# My First Oil NewYorker Boiler



## JMBPlumber (Oct 7, 2013)

This is my first NEWYORKER hot water boiler I installed about 2 years ago. Thought I share it. It was a complete knock down installation.


----------



## Flyout95 (Apr 13, 2012)

Looks sharp. Nice clean joints.


----------



## JMBPlumber (Oct 7, 2013)

Thanks, Appreciate any input to improve my craft.


----------



## rjbphd (Feb 5, 2010)

JMBPlumber said:


> This is my first NEWYORKER hot water boiler I installed about 2 years ago. Thought I share it. It was a complete knock down installation.


Sorry... its furance guy did this job... it'll work but not done correctly.. get some Dan's books.. but first..post an intro here.


----------



## JMBPlumber (Oct 7, 2013)

Since then its improved. Ill look into these Dan books.


----------



## rjbphd (Feb 5, 2010)

JMBPlumber said:


> Since then its improved. Ill look into these Dan books.

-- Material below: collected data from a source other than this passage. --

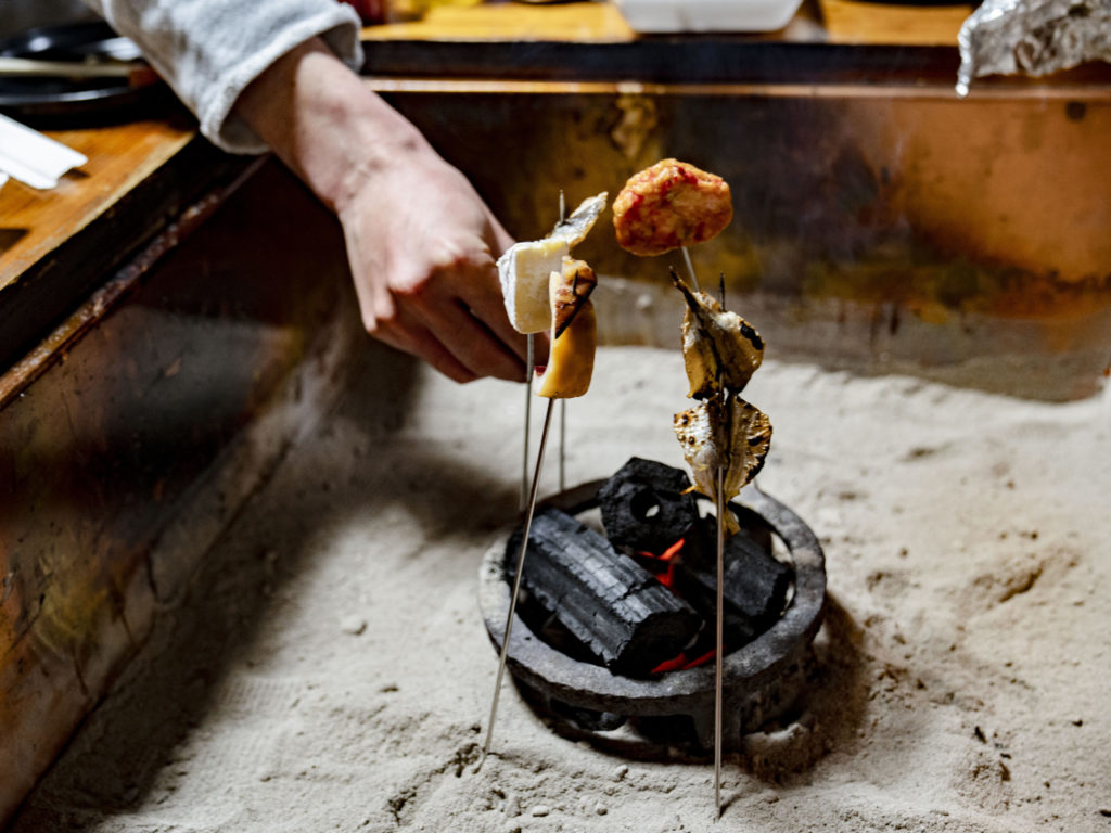 ・囲炉裏を囲んで、ゆっくり食事をする
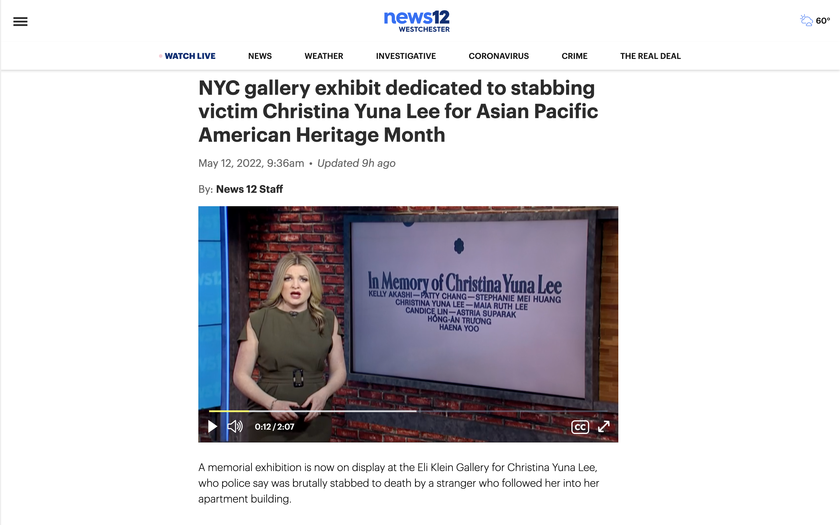 News 12 Westchester, “NYC gallery exhibit dedicated to stabbing victim Christina Yuna Lee,” May 12, 2022
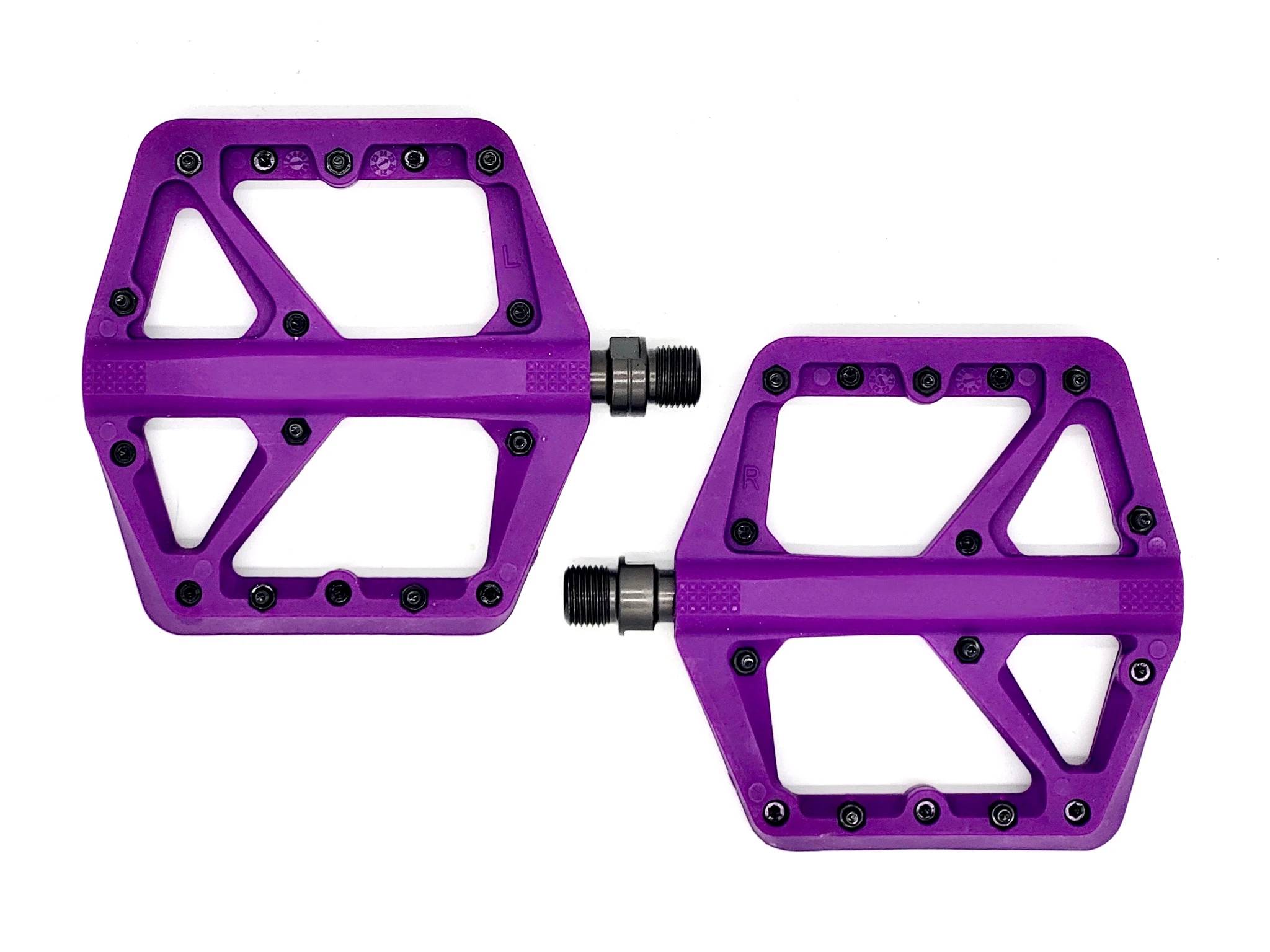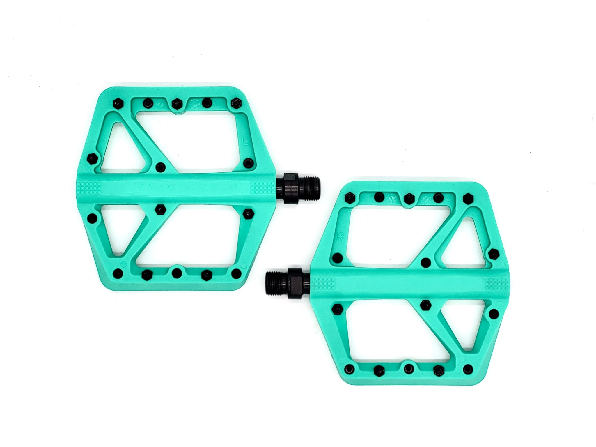 Platte lichtgewicht pedalen met grip pinnen voor meer vrijheid en toch grip, in diverse kleuren en met vervangbare pinnen. Geleverd in een set.
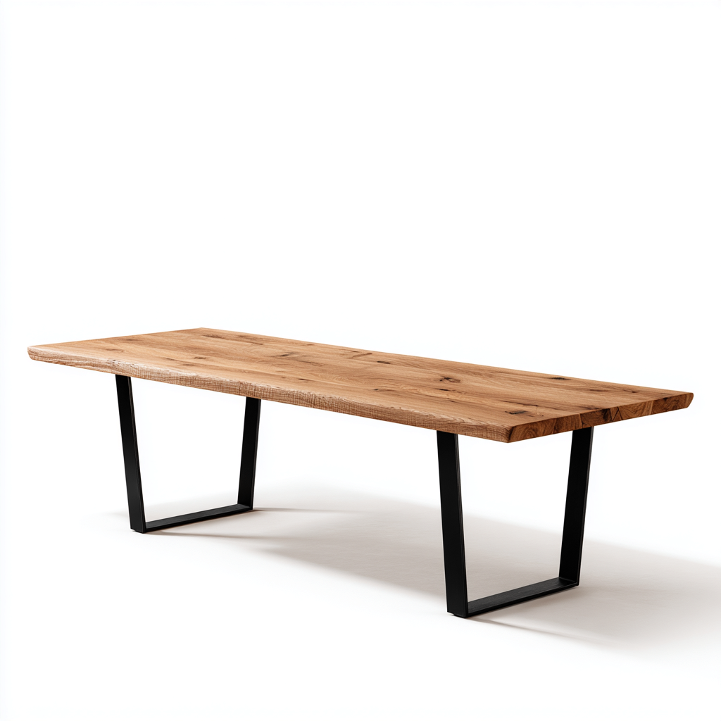 El tablero está elaborado en madera maciza de roble con contornos naturales y acabado protector. Las patas metálicas negras tienen estructura rectangular inclinada, ofreciendo una estabilidad sólida y un diseño limpio.

Post your intro as per site request..


----------



## JMBPlumber (Oct 7, 2013)

sure thing


----------



## shlomy81 (Apr 23, 2012)

Look in the Manuel u will find how to pipe a boiler the right way and put the barometer t the right place


----------



## rjbphd (Feb 5, 2010)

shlomy81 said:


> Look in the Manuel u will find how to pipe a boiler the right way and put the barometer t the right place


Didn't notice that.. been awhile with oil burner... I was looking at all the pipings and punps fook up..


----------



## vinpadalino (Aug 27, 2010)

shlomy81 said:


> Look in the Manuel u will find how to pipe a boiler the right way and put the barometer t the right place


You want that T close to the chimney.


----------



## MTDUNN (Oct 9, 2011)

Is that copper in black pipe?


----------



## rjbphd (Feb 5, 2010)

MTDUNN said:


> Is that copper in black pipe?


What's wrong with that?


----------



## MTDUNN (Oct 9, 2011)

rjbphd said:


> What's wrong with that?


Nothing why


----------



## Redwood (Sep 8, 2008)

MTDUNN said:


> Is that copper in black pipe?


No oxygen it will last forever...


----------